* _Task requirements_
Reproduce everything from the line that contains "2. Haga todo" down to the line that contains "2009年,今日美术馆邀请我" in the listing below, word for word and nothing more. Leave the pictures out.

* _Information given_
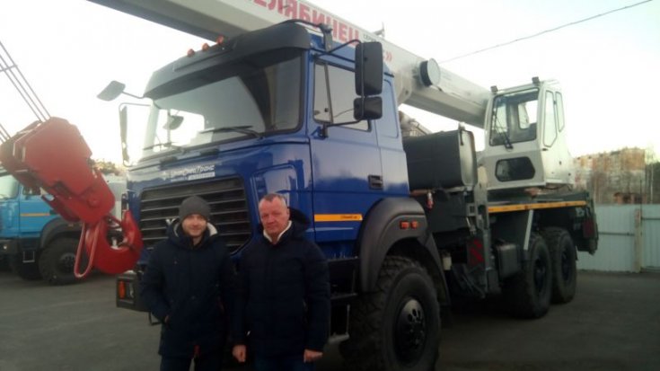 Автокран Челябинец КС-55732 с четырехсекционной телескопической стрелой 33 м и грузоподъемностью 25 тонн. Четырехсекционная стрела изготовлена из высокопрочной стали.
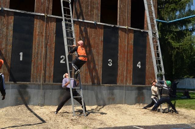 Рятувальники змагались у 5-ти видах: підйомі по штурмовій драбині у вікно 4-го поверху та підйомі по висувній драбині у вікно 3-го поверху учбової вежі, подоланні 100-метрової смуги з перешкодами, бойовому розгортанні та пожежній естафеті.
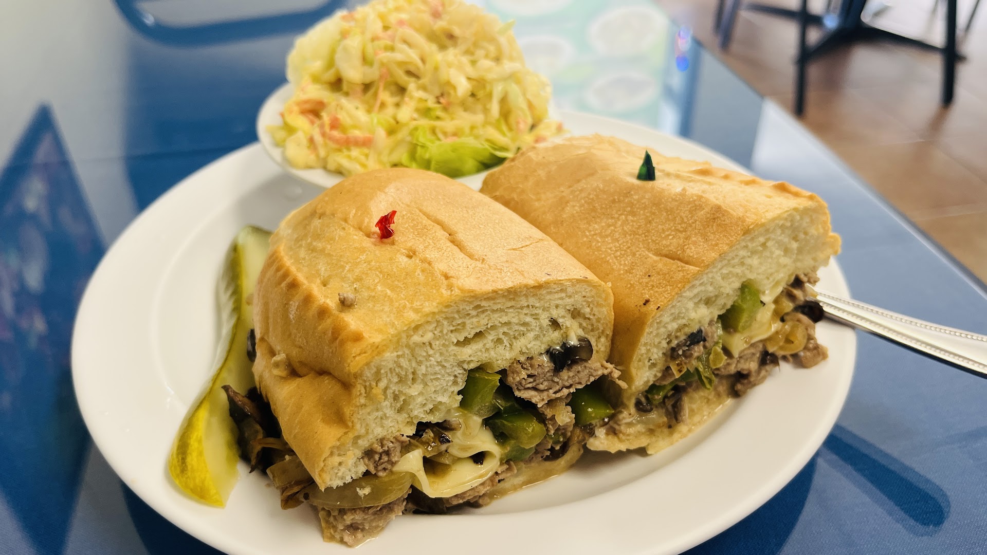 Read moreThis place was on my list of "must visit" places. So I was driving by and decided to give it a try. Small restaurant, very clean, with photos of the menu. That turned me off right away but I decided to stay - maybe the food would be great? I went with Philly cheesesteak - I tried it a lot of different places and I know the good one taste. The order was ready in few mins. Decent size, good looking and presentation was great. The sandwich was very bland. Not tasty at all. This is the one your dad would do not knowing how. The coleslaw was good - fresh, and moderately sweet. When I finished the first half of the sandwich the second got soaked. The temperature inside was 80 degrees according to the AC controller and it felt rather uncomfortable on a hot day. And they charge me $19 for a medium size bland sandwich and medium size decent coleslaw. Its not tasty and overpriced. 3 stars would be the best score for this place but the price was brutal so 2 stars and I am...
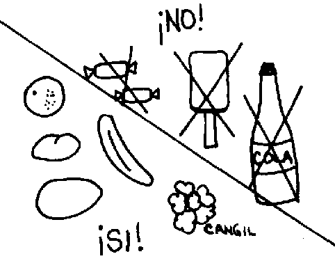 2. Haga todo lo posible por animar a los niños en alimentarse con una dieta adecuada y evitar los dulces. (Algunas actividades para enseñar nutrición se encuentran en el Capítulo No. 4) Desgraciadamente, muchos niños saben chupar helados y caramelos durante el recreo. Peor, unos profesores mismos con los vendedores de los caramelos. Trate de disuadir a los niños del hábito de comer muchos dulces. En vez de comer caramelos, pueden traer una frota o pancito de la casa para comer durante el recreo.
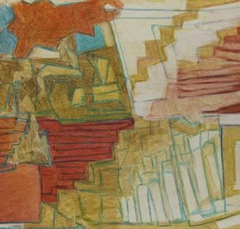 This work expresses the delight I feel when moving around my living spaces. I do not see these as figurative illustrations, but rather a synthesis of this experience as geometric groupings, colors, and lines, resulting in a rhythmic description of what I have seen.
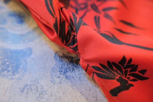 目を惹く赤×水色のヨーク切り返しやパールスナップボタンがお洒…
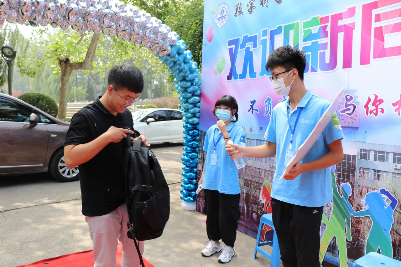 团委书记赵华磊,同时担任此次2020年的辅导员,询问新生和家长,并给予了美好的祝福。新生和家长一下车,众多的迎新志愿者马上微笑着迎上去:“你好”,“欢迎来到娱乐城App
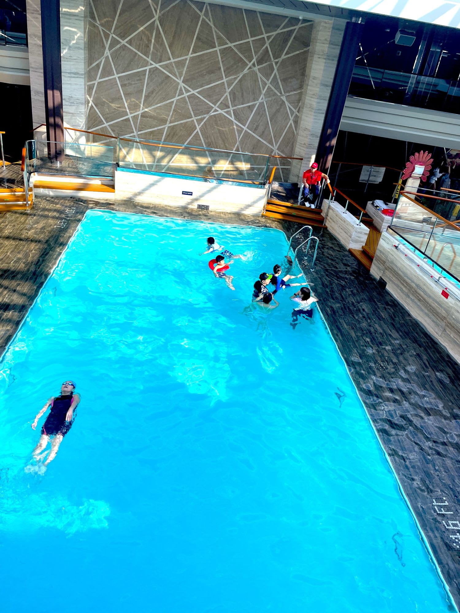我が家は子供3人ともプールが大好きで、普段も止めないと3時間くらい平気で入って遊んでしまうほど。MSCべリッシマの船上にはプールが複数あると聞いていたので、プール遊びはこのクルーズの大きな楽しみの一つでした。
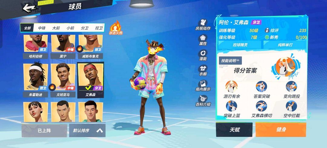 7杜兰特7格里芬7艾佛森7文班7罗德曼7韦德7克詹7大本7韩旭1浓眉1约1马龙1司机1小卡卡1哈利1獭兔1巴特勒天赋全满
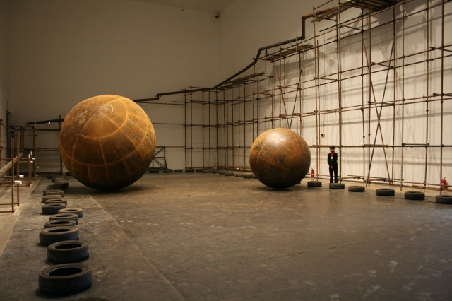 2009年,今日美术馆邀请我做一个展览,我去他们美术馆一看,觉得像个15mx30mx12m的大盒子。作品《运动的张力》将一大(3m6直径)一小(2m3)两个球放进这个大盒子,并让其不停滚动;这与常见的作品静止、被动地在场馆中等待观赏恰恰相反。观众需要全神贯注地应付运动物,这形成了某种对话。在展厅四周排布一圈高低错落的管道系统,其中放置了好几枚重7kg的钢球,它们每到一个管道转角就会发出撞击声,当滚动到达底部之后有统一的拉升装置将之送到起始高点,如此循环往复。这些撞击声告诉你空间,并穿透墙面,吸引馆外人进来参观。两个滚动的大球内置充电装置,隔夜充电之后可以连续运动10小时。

==

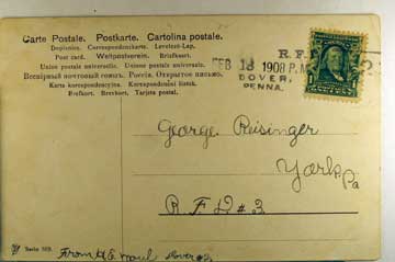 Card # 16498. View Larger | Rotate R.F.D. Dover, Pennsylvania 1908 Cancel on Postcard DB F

* _Answer below_
 2. Haga todo lo posible por animar a los niños en alimentarse con una dieta adecuada y evitar los dulces. (Algunas actividades para enseñar nutrición se encuentran en el Capítulo No. 4) Desgraciadamente, muchos niños saben chupar helados y caramelos durante el recreo. Peor, unos profesores mismos con los vendedores de los caramelos. Trate de disuadir a los niños del hábito de comer muchos dulces. En vez de comer caramelos, pueden traer una frota o pancito de la casa para comer durante el recreo.
 This work expresses the delight I feel when moving around my living spaces. I do not see these as figurative illustrations, but rather a synthesis of this experience as geometric groupings, colors, and lines, resulting in a rhythmic description of what I have seen.
 目を惹く赤×水色のヨーク切り返しやパールスナップボタンがお洒…
 团委书记赵华磊,同时担任此次2020年的辅导员,询问新生和家长,并给予了美好的祝福。新生和家长一下车,众多的迎新志愿者马上微笑着迎上去:“你好”,“欢迎来到娱乐城App
我が家は子供3人ともプールが大好きで、普段も止めないと3時間くらい平気で入って遊んでしまうほど。MSCべリッシマの船上にはプールが複数あると聞いていたので、プール遊びはこのクルーズの大きな楽しみの一つでした。
 7杜兰特7格里芬7艾佛森7文班7罗德曼7韦德7克詹7大本7韩旭1浓眉1约1马龙1司机1小卡卡1哈利1獭兔1巴特勒天赋全满
 2009年,今日美术馆邀请我做一个展览,我去他们美术馆一看,觉得像个15mx30mx12m的大盒子。作品《运动的张力》将一大(3m6直径)一小(2m3)两个球放进这个大盒子,并让其不停滚动;这与常见的作品静止、被动地在场馆中等待观赏恰恰相反。观众需要全神贯注地应付运动物,这形成了某种对话。在展厅四周排布一圈高低错落的管道系统,其中放置了好几枚重7kg的钢球,它们每到一个管道转角就会发出撞击声,当滚动到达底部之后有统一的拉升装置将之送到起始高点,如此循环往复。这些撞击声告诉你空间,并穿透墙面,吸引馆外人进来参观。两个滚动的大球内置充电装置,隔夜充电之后可以连续运动10小时。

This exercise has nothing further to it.